While we’re on the subject of bacon, I’m sure you’ve noticed how this tasty item of smoked pork fat has taken over a corner of the food market. I heard a radio commercial for a local hamburger joint while driving through Oregon the other day. It offered “one pound of beef and half a pound of delicious cheddar cheese along with 14 slices of bacon” on a bun for the bargain price of just $20, including fries and a drink. A cardiology consult was not included.

I guess Starbucks isn’t making enough money with its over-inflated coffee prices. A sign in a Starbucks shop in Issaquah WA boasts “New / Double-smoked Bacon, Cheddar and Egg – Ingredients you can’t help but like.” There’s a photo of the sandwich on some kind of bun. Stress test and angiogram are extra.

Elsewhere in the same store was a sign boasting: “Now serving – COCONUT MILK – made from Sumatran coconuts.” Why are Sumatran coconuts any better than coconuts from any place else? Or, like fish from Chile, does it just sound more appealing? And has anyone stopped to consider that coconut milk is a real NO, NO for anyone with tendencies toward high cholesterol?

The list of examples goes on and on.

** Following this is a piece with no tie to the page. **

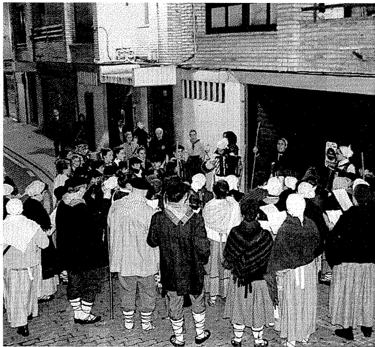
El Coro Aitzuri cumplirá el martes con la tradición de Santa Águeda.

martes, a partir de las 18.30 horas. Será el momento del punto de encuentro, que tendrá lugar en el aula del coro, situada en la Escuela de Música.

If you pay attention I’ll bet you will see no fewer than 10 instances in any given day in which something is labeled as something it isn’t, something is sold as “healthy” when it isn’t, or stuff that is just a flat out health time bomb is dressed up to appeal to an already obese herd of consumers.

So, when it comes to pretty much anything related to food, it really does come down to BUYER BEWARE.